Q: What do hemorrhoids feel like? I'm afraid to ask my friends.
A: Hemorrhoids are something you don't hear talked about much in polite conversation. But it's not because people don't experience the burning, pain and itching that goes along with the condition. In fact, hemorrhoids are extremely common with an estimated 75% of people experiencing hemorrhoid symptoms at some point in their lives. Yet only a small fraction of that number seek care for hemorrhoid symptoms from their doctor.
As you get closer to age 50, the likelihood that you'll develop the condition increases.

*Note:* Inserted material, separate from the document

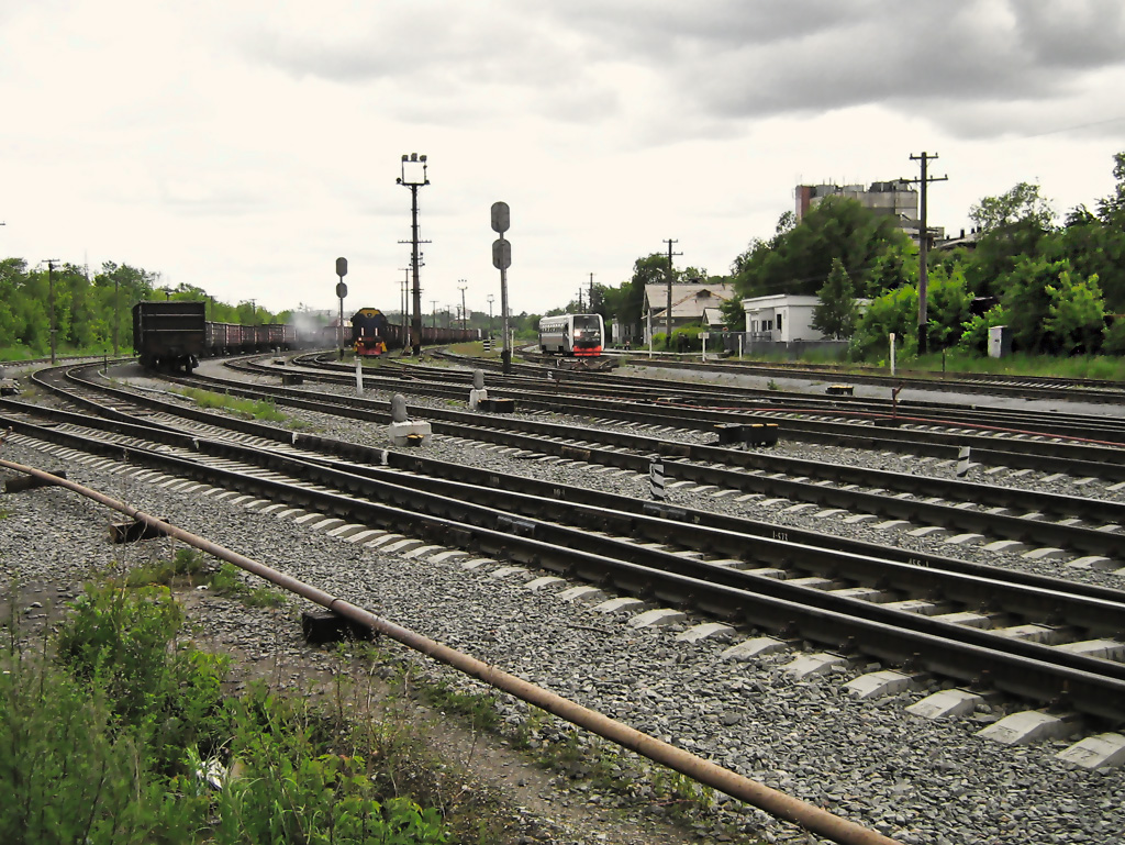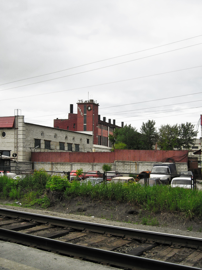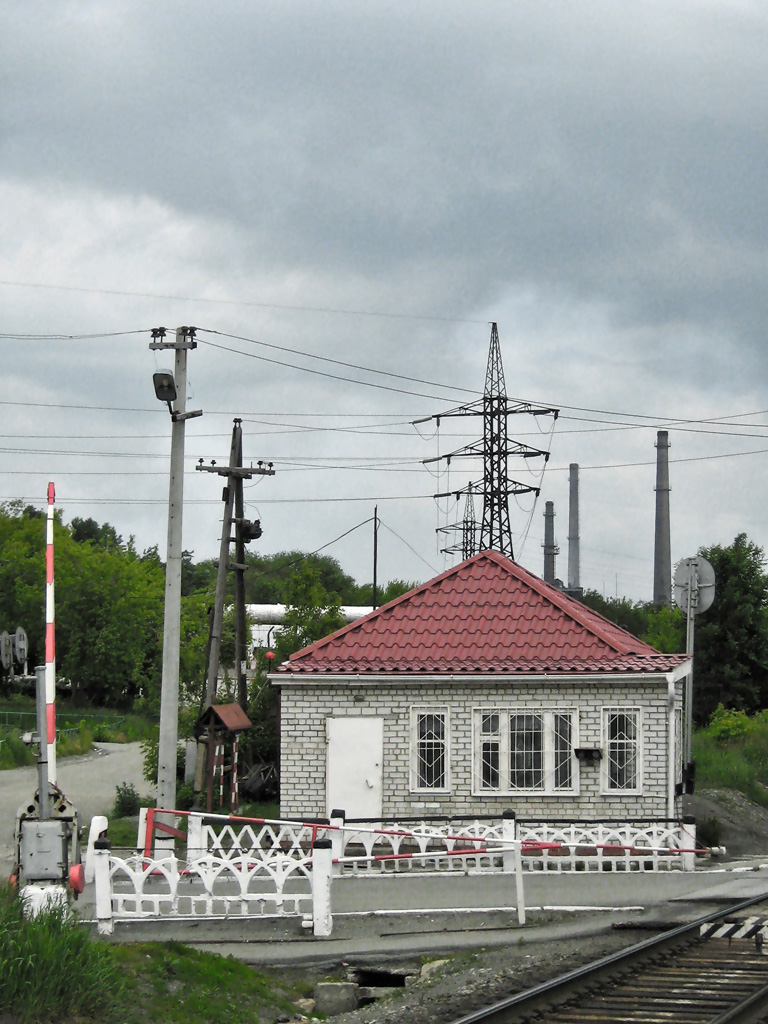Ветка слева уходит на ЧГРЭС и там остается. Ветка прямо идет по всей территории ЧЭМК. И вот по ней со стороны ворот к нам резво двигался какой-то деятель в форме охраны. Завидев такой атас, мы перепрыгнули через пути и скрылись на территории гаражей.

Hemorrhoids cause irritation, pain and/or extreme itching around the anus. There can be itchy or painful lumps or swelling, along with fecal leakage, painful bowel movements and blood after a bowel movement. If you're living with some or all of these irritations, you're not alone — a surprising number of people are suffering. Around 1 in 20 Americans have the condition, and your risk increases as you grow older.
There are two key types of hemorrhoids — internal and external. Internal hemorrhoids are inside the anal canal, and external hemorrhoids occur right at the anal opening. Internal hemorrhoids are far enough inside your body that you usually can't see or feel them, and bleeding might be the only sign you have them. They don't cause much pain because there are few pain-sensing nerves inside the rectum.
External hemorrhoids are covered in skin around the anus, and there are many more pain-sensing nerves in this area. That's why they hurt in addition to bleeding. Sometimes hemorrhoids can prolapse, or get bigger and come out of the anus. This type is more likely to hurt, especially when you have a bowel movement. Prolapsed hemorrhoids frequently go away on their own. If they don't, they can often be pushed back into place.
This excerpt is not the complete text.